Director, International Communications

Washington, DC  ―  A new issue brief from the Center for Economic and Policy Research (CEPR) examines economic and social developments under Colombia’s Gustavo Petro administration and finds that there has been significant progress according to a variety of key indicators ― including a historic decline in poverty and a substantial increase in the real minimum wage. The publication of the brief, “Colombia Under Petro: Social Gains Amid Monetary and Fiscal Constraints,” by International Research Director Jake Johnston and Research Fellow Paola Jaimes Santamaria, comes just days before Colombia holds new presidential elections on May 31.

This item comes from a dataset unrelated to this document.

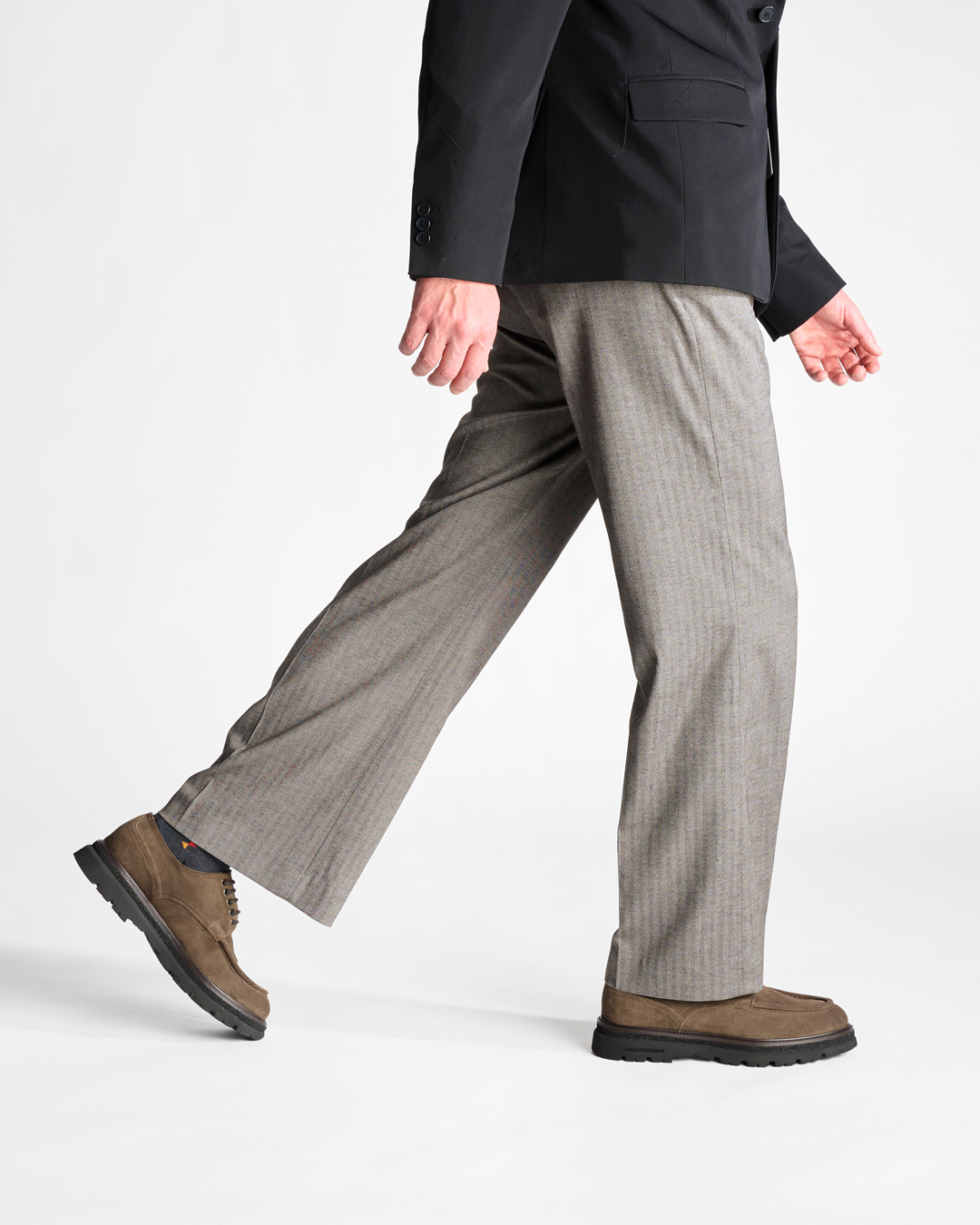 Жёсткая граница между деловой и повседневной обувью стирается. Кожаные туфли теперь уместны с расслабленными брюками, трикотажем, неформальными пиджаками. Этому способствует и изменение кроя: укороченные и слегка расширенные брюки «открывают» обувь, делая её заметной частью образа.

“The past four years show how important economic policy can be, and that it is possible to raise living standards and reduce poverty in spite of significant constraints,” Johnston said. “There have been considerable gains in many areas, from land distribution to minimum wage increases, and the economy is likely to be top-of-mind for many voters as they head to the polls ― especially since Colombia is not immune to the current global economic turmoil.” 

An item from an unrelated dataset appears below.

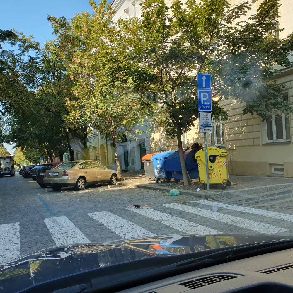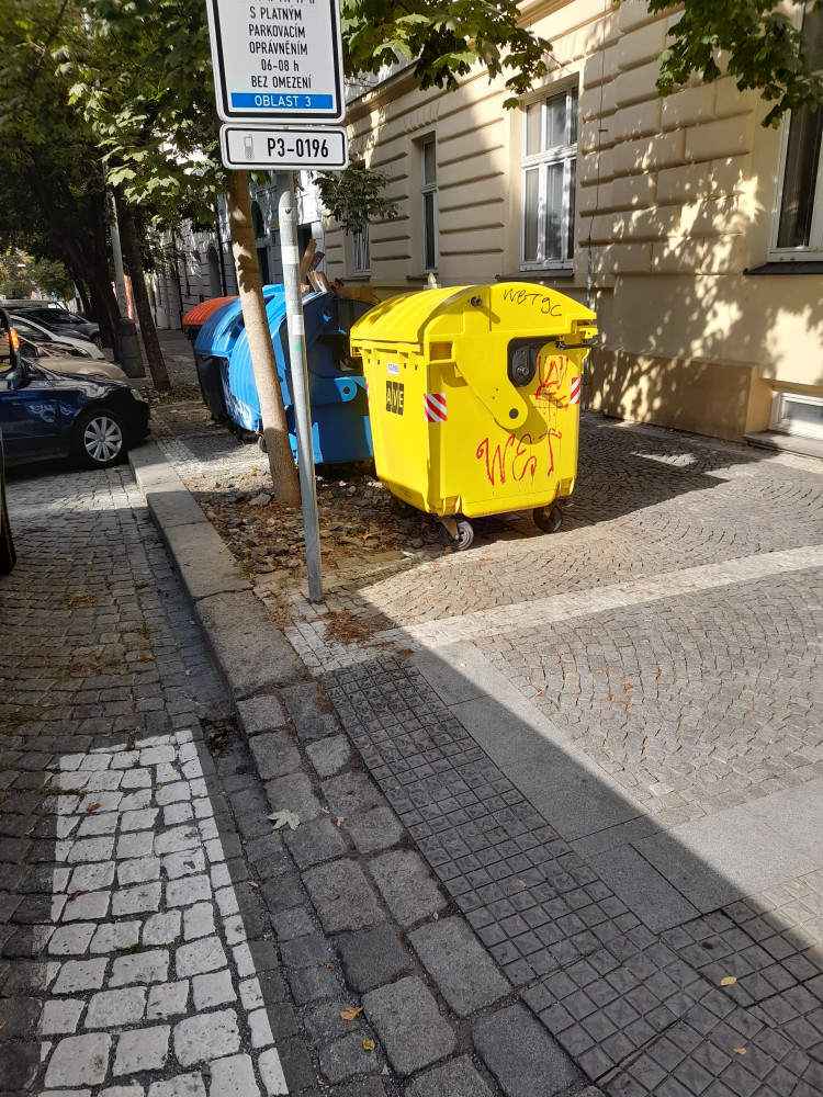 popelaři vyvaželi žlutý kontajner a co spadlo nechal pracovník na ulici a přechodu, viz foto

Polls show a close race between Iván Cepeda, the candidate of Petro’s Pacto Histórico party; far-right candidate Abelardo de la Espriella; and Paloma Valencia, a senator backed by former president Alvaro Uribe.

A graph shows two lines, one for monetary poverty, and one for extreme monetary poverty, which have both declined overall since 2012.

“The 2022 election marked a notable shift in Colombia’s economic trajectory,” the paper notes. Along with reducing monetary poverty by 13 percent and multidimensional poverty by 23 percent since 2022, the CEPR brief examines the effects of the Petro administration’s increased social spending (up by more than 1 percentage point of gross domestic product), 39 percent real minimum wage increase, boosts in support for impoverished and low-income households, land redistributions, gains in economic growth, and attempts to increase revenues through progressive taxation policies.

A graph shows two lines, one for the nominal minimum wage, and one for the real minimum wage, in Colombia since 2012.
“It is all the more remarkable that Colombia has experienced these economic and social gains despite monetary policy restrictions imposed by its independent central bank and having to pay off previously incurred high debt service obligations to the International Monetary Fund and other creditors,” CEPR Research Fellow Paola Jaimes Santamaria said.